レインハルトの胸の鼓動が、トクトクと力強く鳴っている。
その温もりを感じながら、ミリアは悟ったのだ。
(ああ……私、最初からお姿なんて関係なく……この方そのものを愛していたのね……)
胸元で小さく丸まるミリアを見て、レインハルトの表情が柔らかく緩んだ。
彼はミリアの頭を優しく撫で、その髪に何度も愛おしそうな口づけを落とした。
「ミリア。君がモフモフを恋しがるなら、これから毎日、君が満足するまで私を愛でさせてあげるよ。
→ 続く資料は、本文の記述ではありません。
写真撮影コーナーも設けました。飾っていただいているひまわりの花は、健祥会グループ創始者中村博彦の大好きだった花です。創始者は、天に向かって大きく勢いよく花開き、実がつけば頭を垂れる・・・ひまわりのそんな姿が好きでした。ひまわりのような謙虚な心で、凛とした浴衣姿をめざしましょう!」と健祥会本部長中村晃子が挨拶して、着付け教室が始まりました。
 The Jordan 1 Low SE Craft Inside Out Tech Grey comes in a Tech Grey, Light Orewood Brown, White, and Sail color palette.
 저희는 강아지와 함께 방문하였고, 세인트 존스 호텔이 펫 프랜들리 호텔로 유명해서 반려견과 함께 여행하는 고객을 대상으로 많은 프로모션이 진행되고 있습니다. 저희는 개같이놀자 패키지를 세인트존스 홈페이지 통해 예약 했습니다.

……人間の姿のままでね」
「もう……レインハルト様のいじわる……」
「ふふ、愛しているよ、私の可愛いミリア」
数ヶ月後。
王都の大聖堂には、数多くの参列者が集まっていた。
ヴォルティス公爵家のご嫡男と、キャッツナー伯爵家の令嬢による、盛大な結婚式が執り行われていたのだ。
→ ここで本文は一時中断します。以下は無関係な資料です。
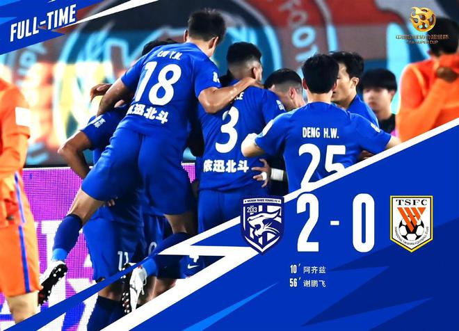 自开场起,武汉三镇队就展开积极的拼抢,并迅速进入到比赛状态中。第10分钟,韦世豪沿边路突入山东泰山队禁区后传中,阿齐兹头槌破门。两位新援联手,助武汉三镇队率先打破场上僵局。下半场,山东泰山队试图通过换人调整改变场上局面,不过武汉三镇队马上还以颜色。第55分钟,武汉三镇队推进到前场,斯坦丘送出直塞球,谢鹏飞顺势以一记巧射,将比分改写为2:0。第81分钟,刘彬彬曾帮助山东泰山队扳回一球,不过经视频裁判介入后,被判越位在先,最终武汉三镇队以2:0获胜。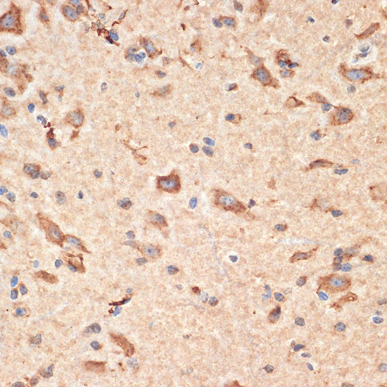 Immunohistochemistry of paraffin-embedded Mouse spinal cord using Bax antibody at dilution of 1:100 (40x lens).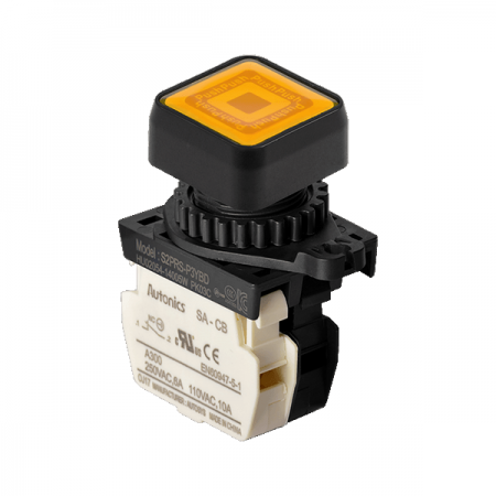• 취부경 Ø22/25 누름버튼스위치 / 외형:정사각형 / 버튼형태:[조광형] 돌출형 / 색상:황색 / 화살표방향:일반 / 접점블록:B접점 1개 / LED블록:AC/DC 전압형 / 구형 접점블록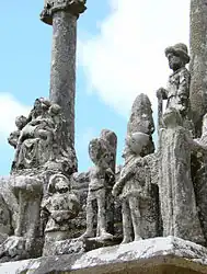 Calvary at Tronoën is a calvary located at Saint-Jean-Trolimon in the Quimper arrondissement. It is located in the "pays bigouden", a particularly wind swept area of Brittany; the nearby chapelle was called the "cathédrale des dunes".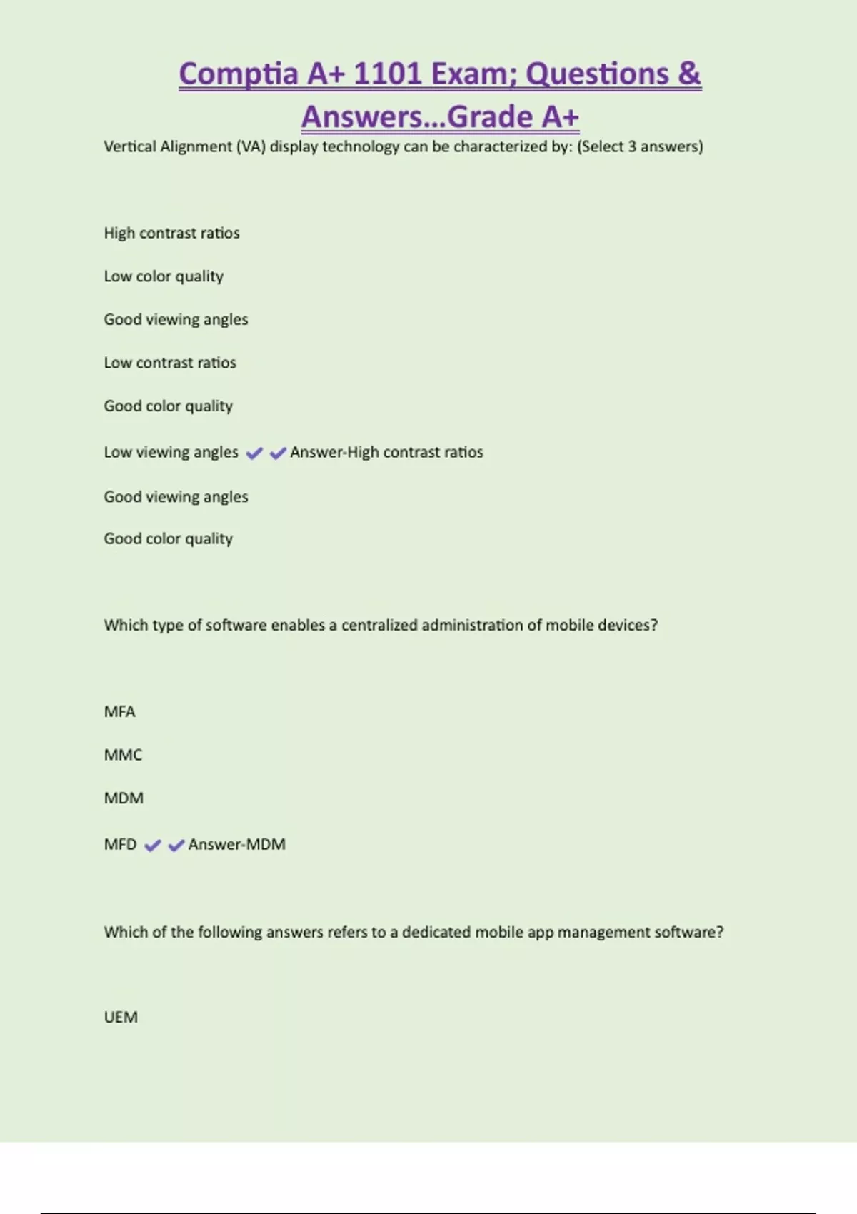 , Comptia A+ 1101 Exam; Questions &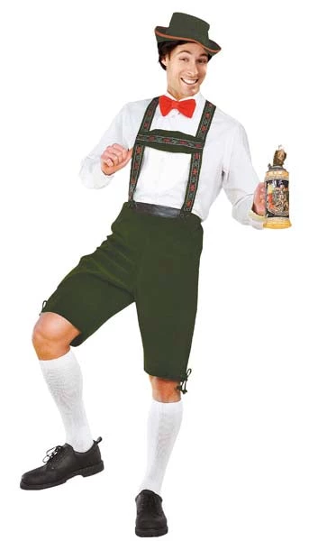 Patterned Oktoberfest classic outfit with green shorts with suspenders and hat. 100% polyester and suits mens waist size up to 34.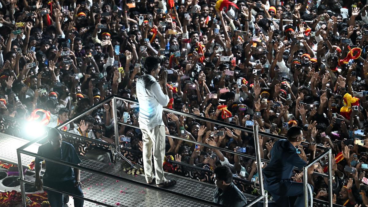 TVK president and actor Vijay at the rally in Karur where 41 people lost their lives in a stampede. File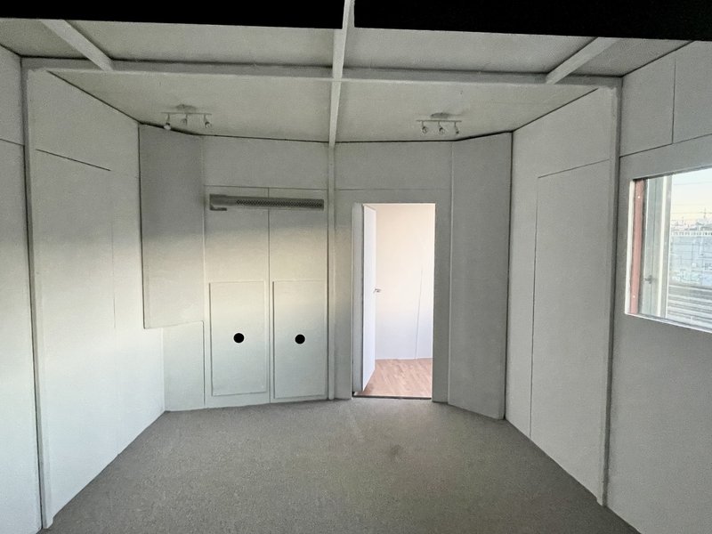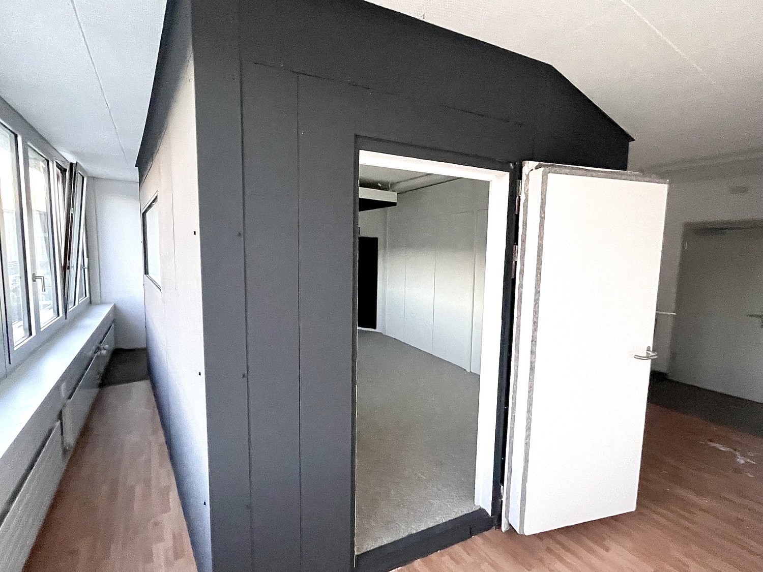 Tonstudio in Raum-in-Raum-Bauweise für Musikproduktion oder DJ's, gelegen im 2. OG eines Bürogebäudes. Die Konstruktion ist vollständig vom Bestandsgebäude entkoppelt.

バージンロードを歩く二人を見た社交界の人々は、口々に感嘆の声を漏らした。
「なんて美しいご夫妻でしょう……!」
「レインハルト様のお姿が元に戻られただけでなく、あんなにも幸せそうなお顔をされるなんて……」
純白のドレスに身を包んだミリアの隣で、漆黒のタキシードを着こなしたレインハルトが極上の笑みを浮かべている。
指輪の交換を終え、神父の前で向き合う二人。
「では、誓いの口づけを」
神父の言葉を受け、レインハルトがミリアのベールを優しく上げたた。
「ミリア。生涯、君だけを愛すると誓うよ」
「私もですわ、レインハルト様」
二人は静かに唇を重ね合わせた。
万雷の拍手が大聖堂を包み込む。
誓いのキスを終え、微笑み合いながらバージンロードを歩き出す二人。
ミリアはレインハルトの腕にしっかりと自分の手を絡め、そっと彼の耳元で囁いた。
「ねぇ、レインハルト様」
「ん? どうしたんだい?」
「今夜は……結婚初夜ですけれど」
ミリアは上目遣いで、少しだけ悪戯っぽく微笑んだ。
「……特製のブラシで、たくさんブラッシングをさせてくださいますか?」
一瞬間をおいて、レインハルトは満足そうに目を細め、彼女の腰を引き寄せた。
「いいよ。……その代わり、ブラッシングが終わったら、今度は私が君を朝までたっぷり可愛がってあげるからね?」
「~〜〜っ!?」
甘い『おしおき』の約束に顔を赤く染めながらも、ミリアは幸せいっぱいに彼の隣を歩んでいくのだった。